Broadcast Thursday June 30
Fmr. NY Congressmember Holtzman Calls For President Bush and His Senior Staff To Be Held Accountable for Abu Ghraib Torture
By Amy Goodman and Juan Gonzales
AMY GOODMAN: Well, it has been very interesting to read this article and also look at your background, from dealing with the issue of Holocaust war crimes to Watergate, to now talking about torture and accountability. Can you relate all three?
ELIZABETH HOLTZMAN: Well, I think we need justice in this world. We need to make sure that people who commit horrendous crimes are held accountable, and we need to have social justice, as well. But I got to Congress in 1973 when nobody had any clue that Richard Nixon would ever be held accountable in connection with the Watergate break in that took place just before that. And then it was because of a lot of independent and relentless prosecutors and judges and, most important, press, and in the end, the American public, that a President of the United States was held accountable for something that nobody could have dreamed months before that he would be held accountable for, and his top administration officials.
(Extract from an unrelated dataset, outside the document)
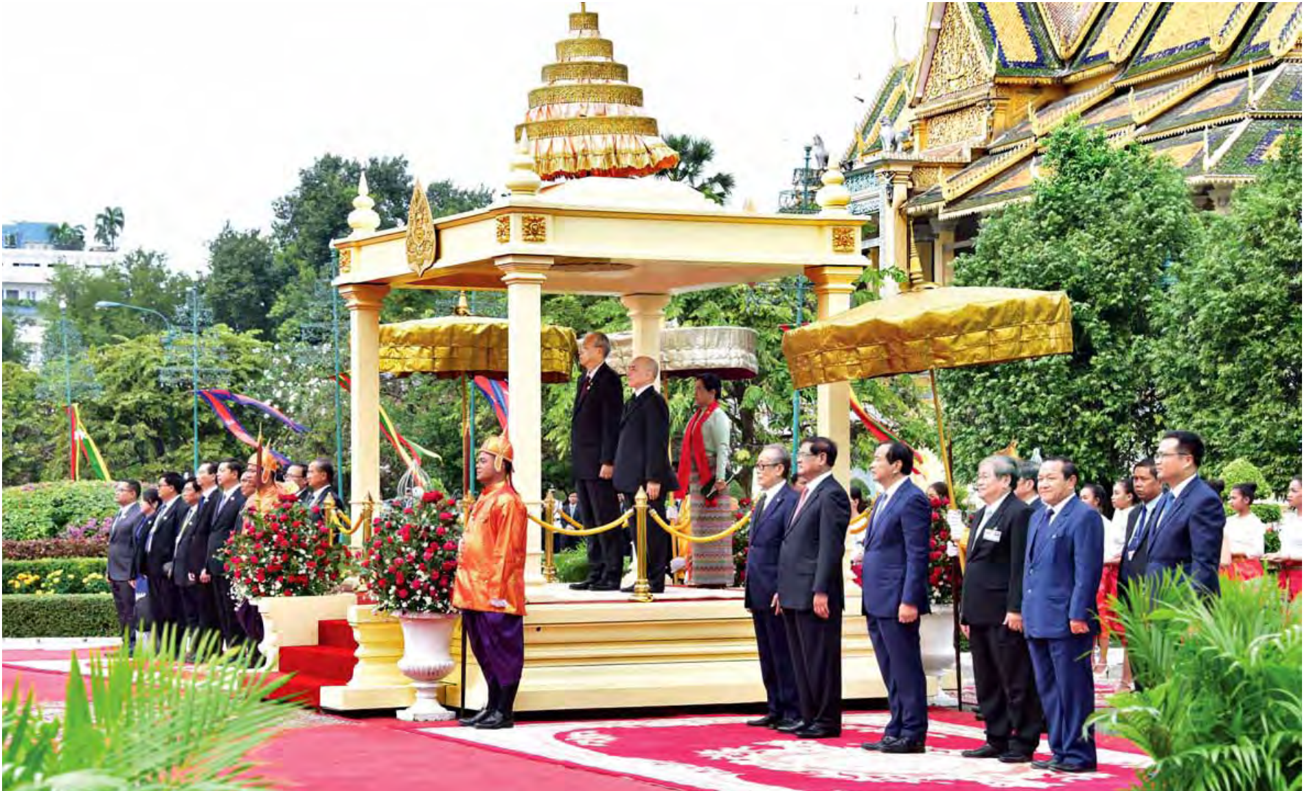
နိုင်ငံတော်သမ္မတ ဦးထင်ကျော်နှင့် ဇနီးတို့ ကမ္ဘောဒီးယားနိုင်ငံ ဖနောင်ပင်မြို့ရှိ ဘုရင့်နန်းတော်၌ ကျင်းပသည့် ဂုဏ်ပြုကြိုဆိုပွဲအခမ်းအနားတွင် ကမ္ဘောဒီးယားဘုရင်မင်းမြတ်နှင့်အတူ ဂုဏ်ပြုတပ်ဖွဲ့၏ အလေးပြုခြင်းကို ခံယူစဉ်။

အချင်းချင်း ခိုက်ရန်ဖြစ်ပွားခြင်းသည် မကောင်း။ ရန်ပြု တတ်သူတို့အလယ်တွင် ရန်မပြုဘဲနေခြင်းသည် လည်းကောင်း၊ ကိလေသာ အနှိပ်စက်ခံရသူတို့အလယ်၌ ကိလေသာ အနှိပ်အစက်မခံရဘဲနေခြင်းသည် လည်းကောင်း၊ ကာမဂုဏ်ကို ကြောင်ကြဲစိုက်ကုန်သော သူတို့အလယ်၌ ကြောင်ကြဲမစိုက်ကုန်ဘဲ နေခြင်းသည်လည်းကောင်း ချမ်းသာ၏။ သုခဝဂ်(ဓမ္မပဒ-၁၉၉)

And it seems to me that with the terrible scandal, Abu Ghraib, that we need -- we can’t, as they tried in Watergate to do, cut off the investigation at the small fry, at the lowest level. You have to look, and the international law precedence and American law requires it, you look up the chain of command. What I discovered by accident was that -- this is not a concern that I have alone -- President Bush's White House counsel, Alberto Gonzales, himself, who is now the Attorney General of the United States, wrote a memo in January 2002 to President Bush saying one of the reasons we need to opt out of the Geneva Conventions wasn't just because they didn't like the Geneva Conventions because they don't like treaties, but he said, we have to worry about prosecutions under the U.S. War Crimes Act of 1996. That, it turns out, is a federal statute that applies to any U.S. national, military or civilian, high or low, who violates the Geneva Conventions in certain ways. In other words, who engages in murder, torture, or inhuman treatment. And it's not just those who engage in it, it's those who order it or those who, knowing about it, fail to take steps to stop it. That means higher-ups.